What you will do – What is needed is an exact transcription of the listing, with the images removed.

Information supplied –
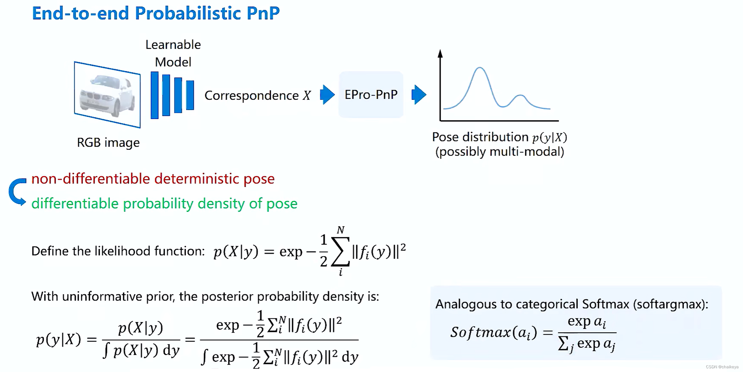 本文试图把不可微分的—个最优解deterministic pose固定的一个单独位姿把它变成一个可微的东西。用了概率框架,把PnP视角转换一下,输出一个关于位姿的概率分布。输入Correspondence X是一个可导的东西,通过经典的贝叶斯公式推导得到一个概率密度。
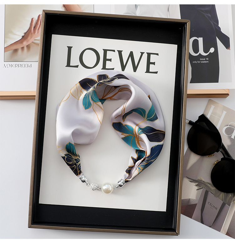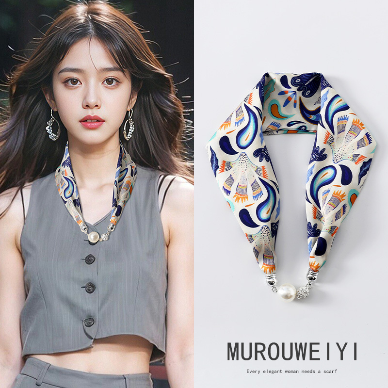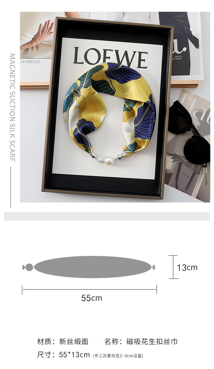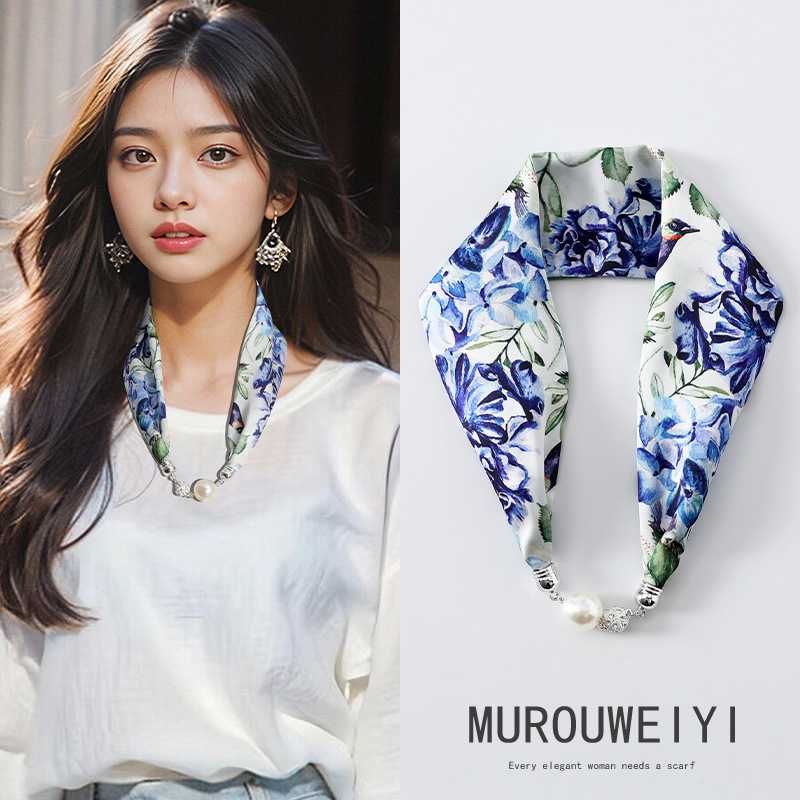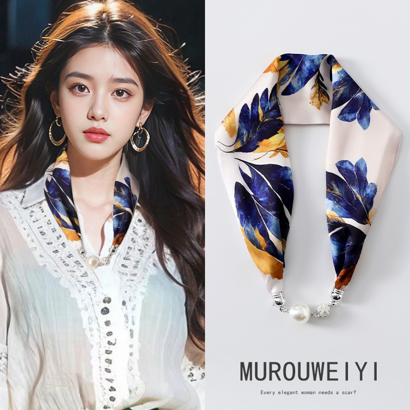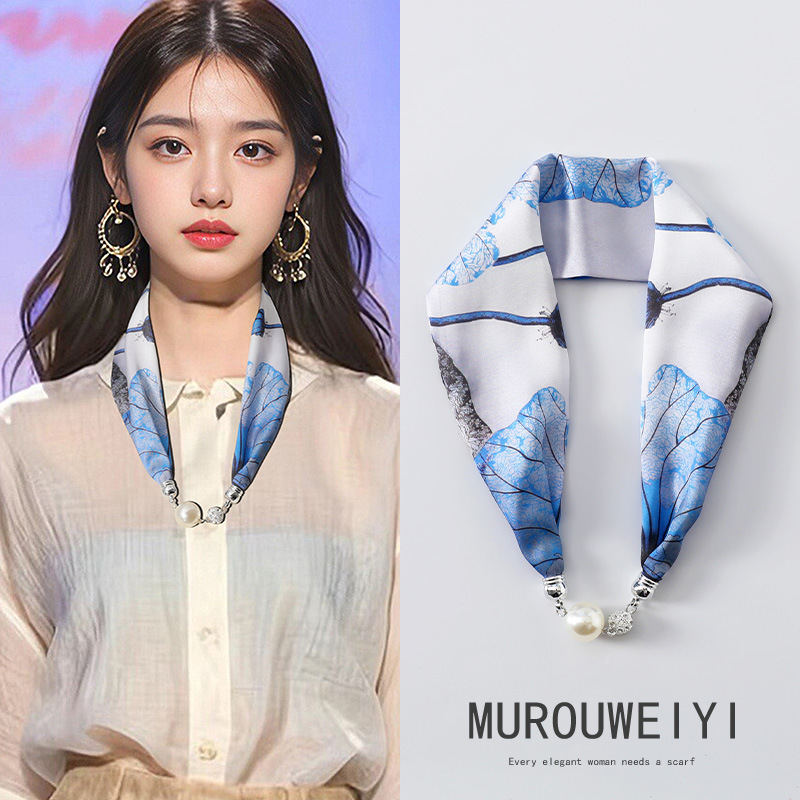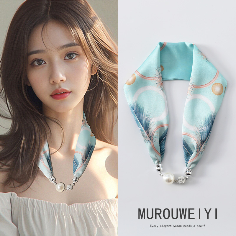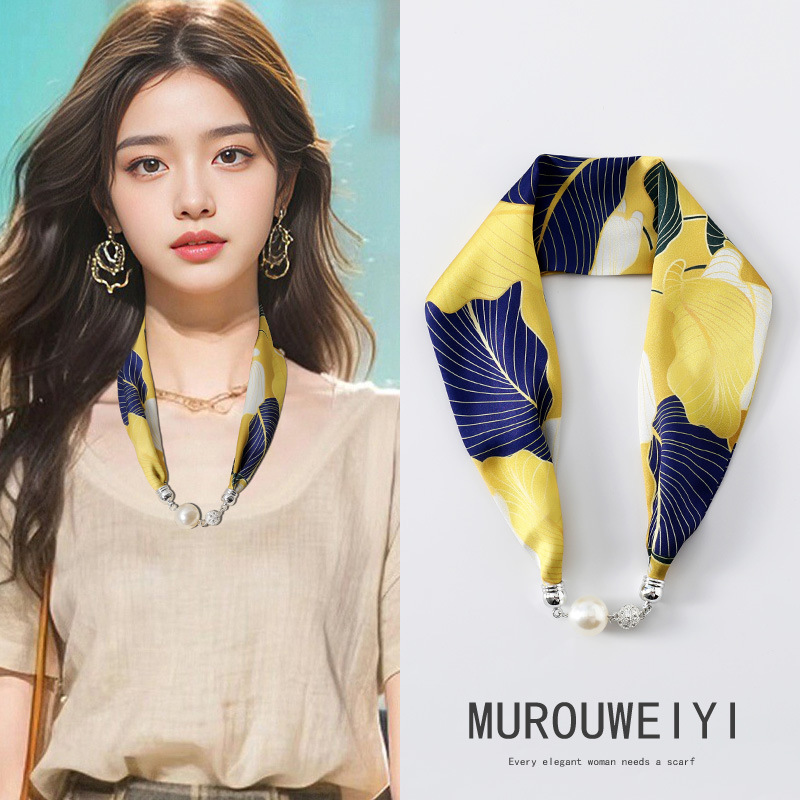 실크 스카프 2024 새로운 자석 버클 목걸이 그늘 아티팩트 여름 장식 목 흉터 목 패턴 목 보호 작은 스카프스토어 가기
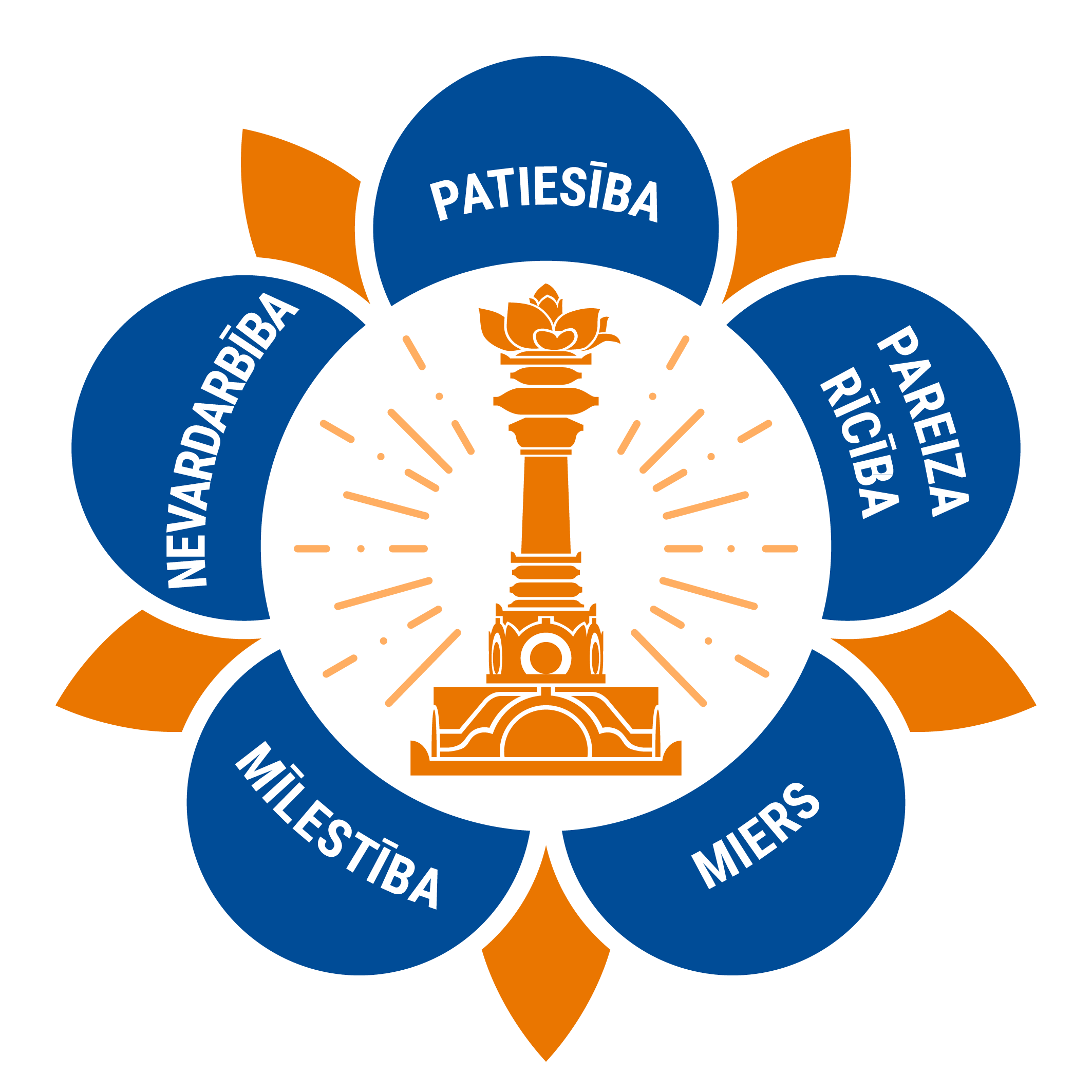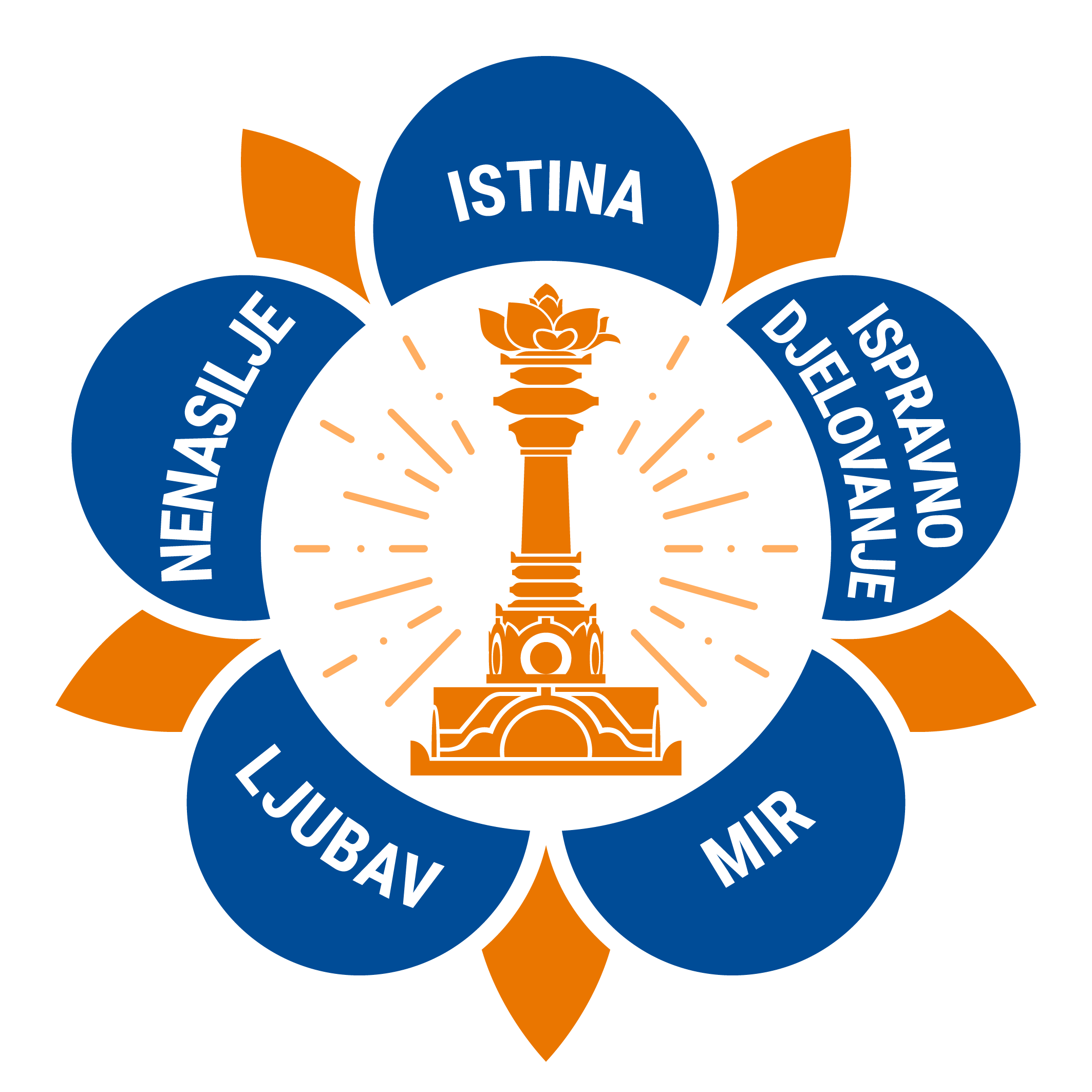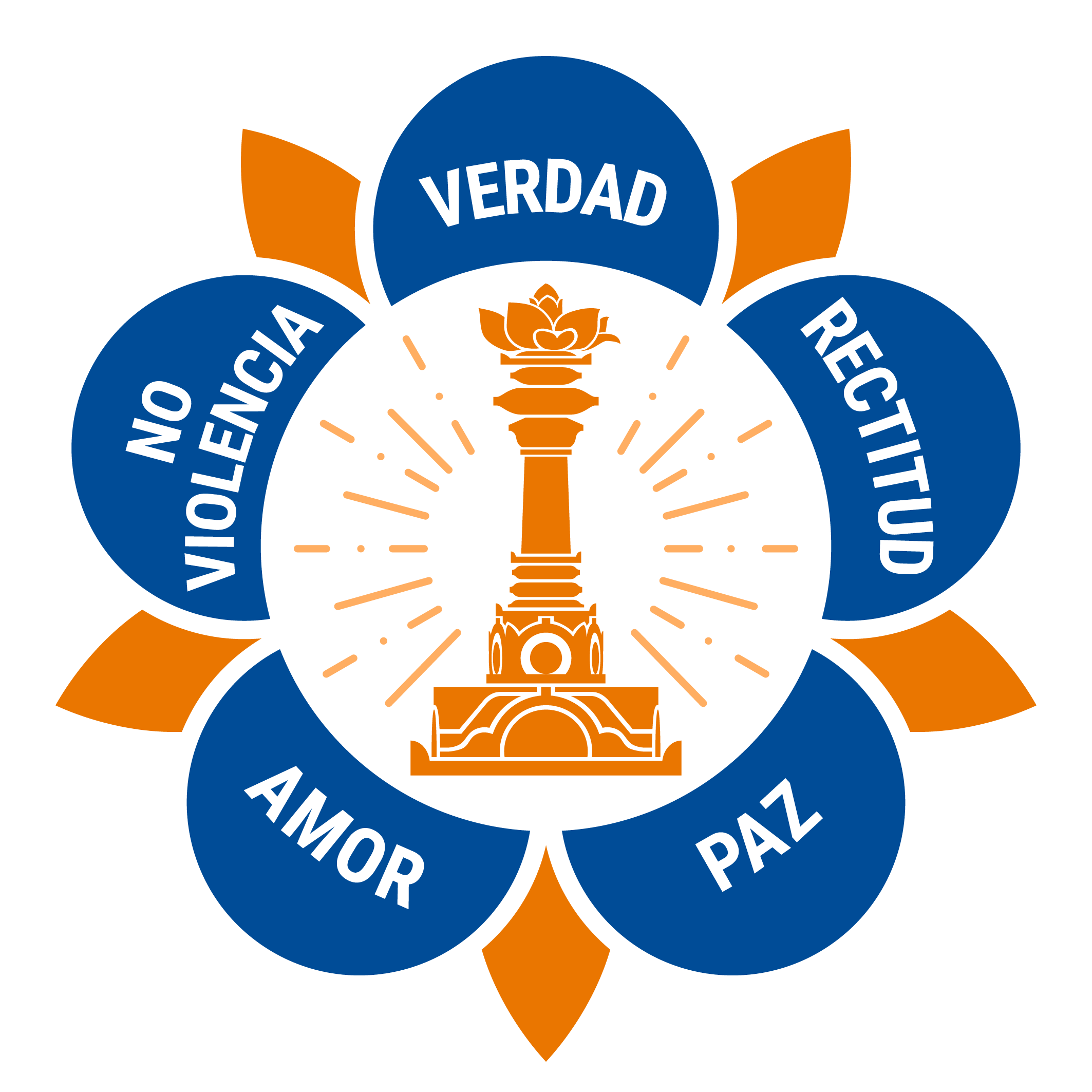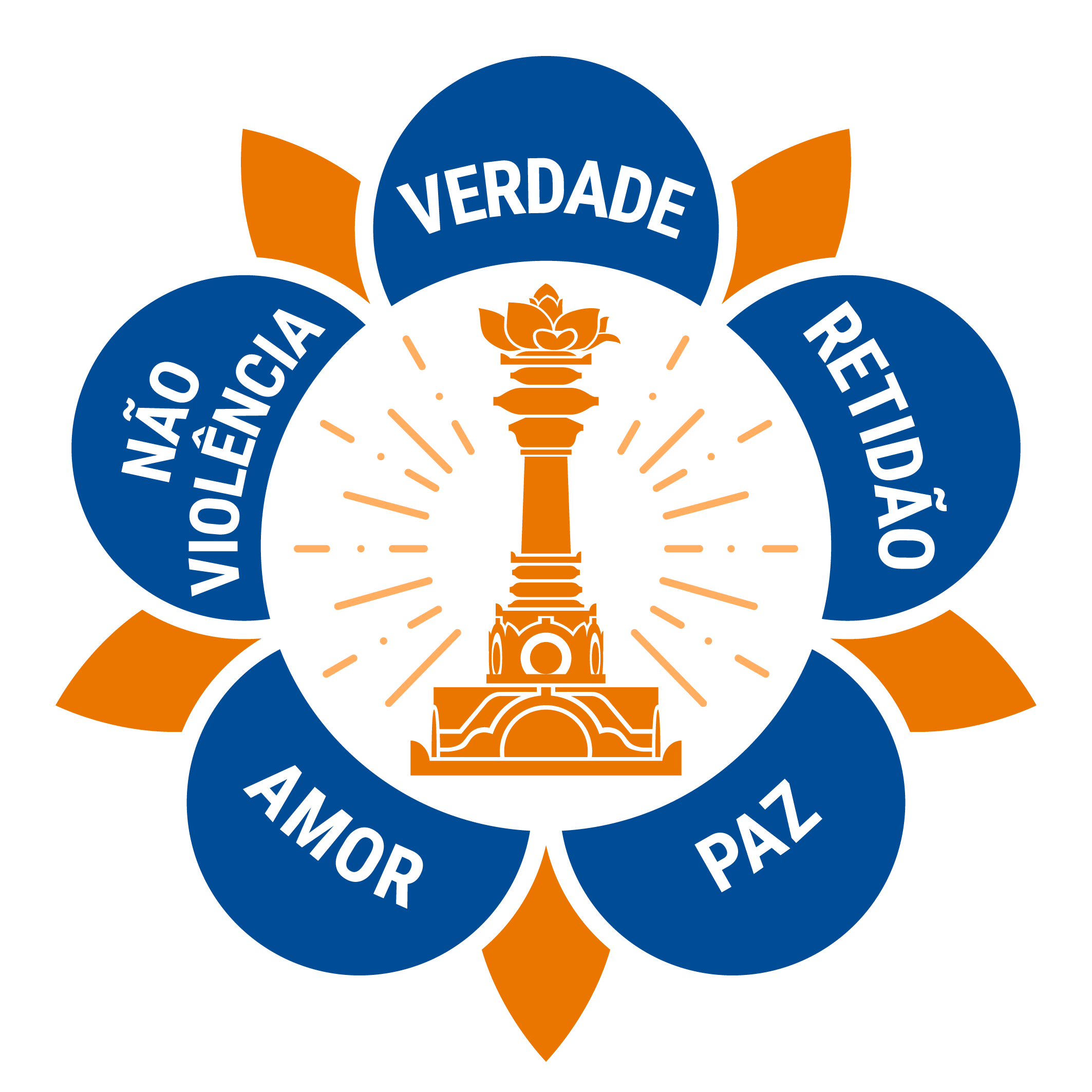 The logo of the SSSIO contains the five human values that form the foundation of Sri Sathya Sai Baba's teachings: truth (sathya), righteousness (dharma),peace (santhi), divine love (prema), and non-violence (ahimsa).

Worked solution –
 本文试图把不可微分的—个最优解deterministic pose固定的一个单独位姿把它变成一个可微的东西。用了概率框架,把PnP视角转换一下,输出一个关于位姿的概率分布。输入Correspondence X是一个可导的东西,通过经典的贝叶斯公式推导得到一个概率密度。
 실크 스카프 2024 새로운 자석 버클 목걸이 그늘 아티팩트 여름 장식 목 흉터 목 패턴 목 보호 작은 스카프스토어 가기
 The logo of the SSSIO contains the five human values that form the foundation of Sri Sathya Sai Baba's teachings: truth (sathya), righteousness (dharma),peace (santhi), divine love (prema), and non-violence (ahimsa).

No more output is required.